§ Work order
Please return all lines of the data below containing the string "inch".

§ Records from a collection

☆ ☆ ☆

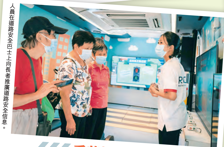
人員在道路安全巴士上向長者推廣道路安全信息。

秀茂坪警區指揮官黃廣興、秀茂坪區耆樂警訊長青團名譽會長會主席林煒橋與會長任威霖、東九龍總區交通部調查及支援組署理警司袁思豪及東九龍總區防止罪案辦公室高級督察馮家恒擔任活動主禮嘉賓。活動亦邀請了藝人李龍基及關浩揚表演，並分享防騙及交通安全資訊。
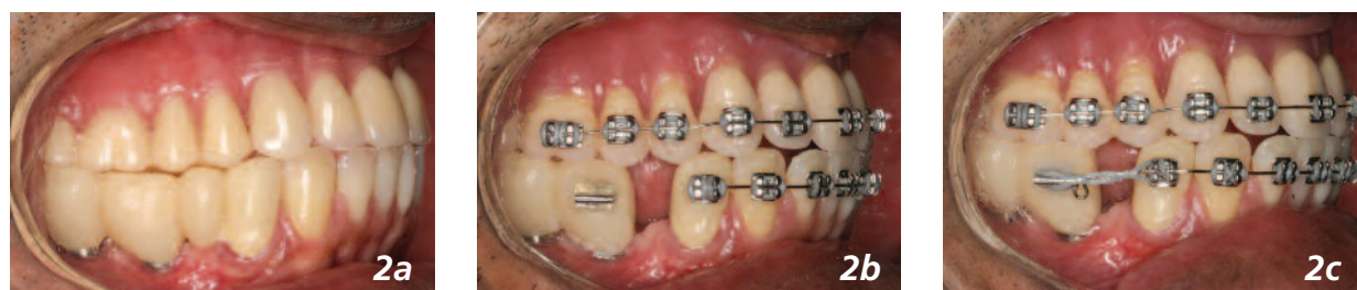
Figure 2a: Lateral view of the arch prior to attaching the orthodontic appliance; 2b – bonded tube; 2c – tube supporting orthodontic arch and elastic force of 180 gf.
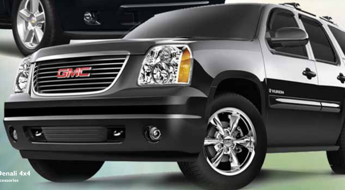
2007 GMC Yukon XL Denali 4x4 With Professional Grade Accessories
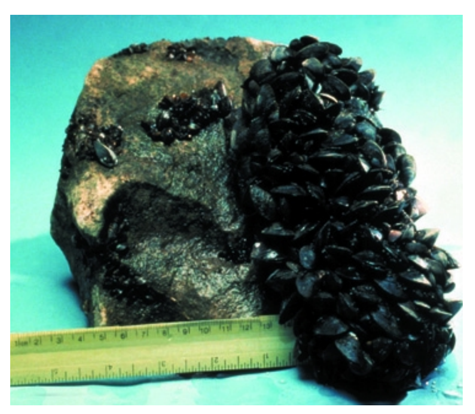
Figure 1. Zebra Mussels (Don Schloesser)

Zebra mussels vary morphologically, hence the species name "polymorpha" meaning many forms. Although most have jagged lateral black or brown stripes, some have longitudinal bands while others are totally cream or black (Marsden 1992). They can grow up to 2 inches in length but most are under an inch (see Figure 1).
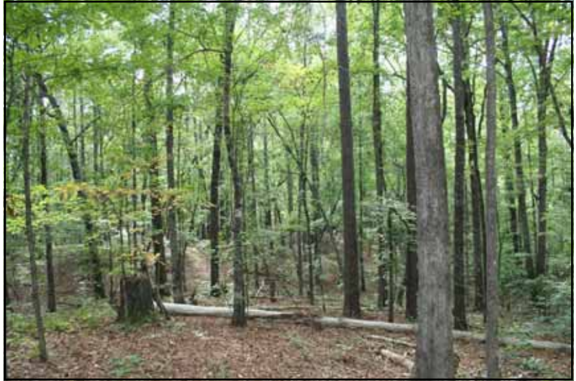
Top Left & Right: Hardwood on North Tract
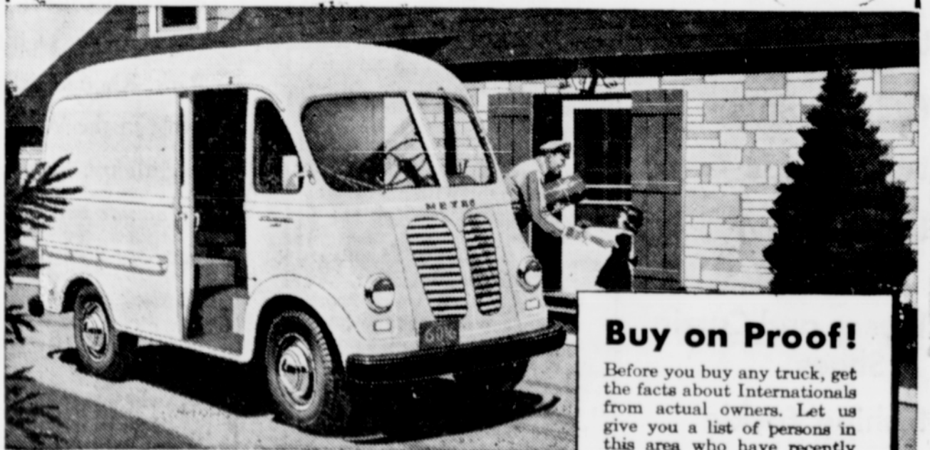
Model L-120 with 9 1/2 foot Metro body, 115 inch wheelbase.

*Metro. Registered trade mark of The Metropolitan Body Company, Inc., subsidiary of the International Harvester Company.

☆ ☆ ☆

§ Exercise solution
Zebra mussels vary morphologically, hence the species name "polymorpha" meaning many forms. Although most have jagged lateral black or brown stripes, some have longitudinal bands while others are totally cream or black (Marsden 1992). They can grow up to 2 inches in length but most are under an inch (see Figure 1).
Model L-120 with 9 1/2 foot Metro body, 115 inch wheelbase.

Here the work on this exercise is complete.